Here are a couple of lessons that I have picked up along the way. From one failed relationship to another, I’ve lost and found myself.
Stay Connected With Friends
The first mistake we make every time we are in a new relationship is that we forget our friends. We drop everything and lose touch with our friends. Even Sahaj Kohli, agrees with me here. She says that it’s a must to spend some time with friends even if we are happily drowning in a new relationship.
The good thing about this is that it’s easy to stay connected with friends nowadays. Technology makes it easier for us to do this. There is no excuse not stay connected with friends.
Avoid Major Changes
The thing about love is that it makes us do crazy stuff. All of a sudden, we are making major changes that we never even thought of doing. While it’s hard to stay sanely in love, it’s best to avoid making changes. Hence, we should never let go of that hobby or routine that we have been so used to doing on our own.

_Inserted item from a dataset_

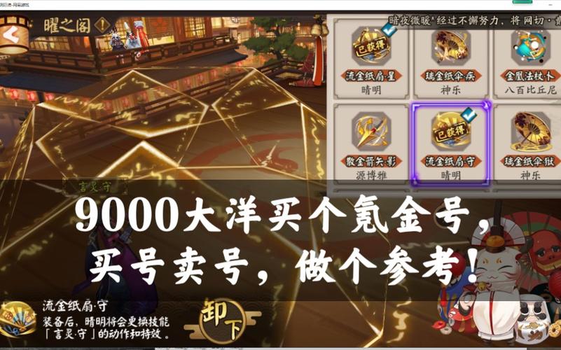 全图鉴,尤其是SSR图鉴,伪全图鉴也可以接受。逢魔章和天下章,综合练度高的号头像框如月见黑、日之曜、日月同辉。头像框:月见黑400连抽无SSR获得,日之曜ssr全集赏获得,日月同辉500连抽无SSR+日之曜。皮肤:阴阳师、式神、庭院皮肤,特别是活动限定皮肤。

Keep Dreaming About The Future
There’s no harm in dreaming about our future, even if we think our dreams have come true (at least for the moment). Being madly in love shouldn’t stop us from dreaming and planning our future. This can truly inspire and motivate us to move into the future with or without a partner.
Spend Time Away From Your Partner
Spending some time away from our partner will give us more time to reflect on what we really want for ourselves. If we deprive ourselves of some time alone, we will tend to think more about our partner. We should think about what we want for ourselves first before thinking about our partner. That’s only time we will know if the relationship is worth keeping.
There are more than enough ways to keep ourselves in a relationship. We just really need to make that choice of loving ourselves first before losing ourselves in a new relationship.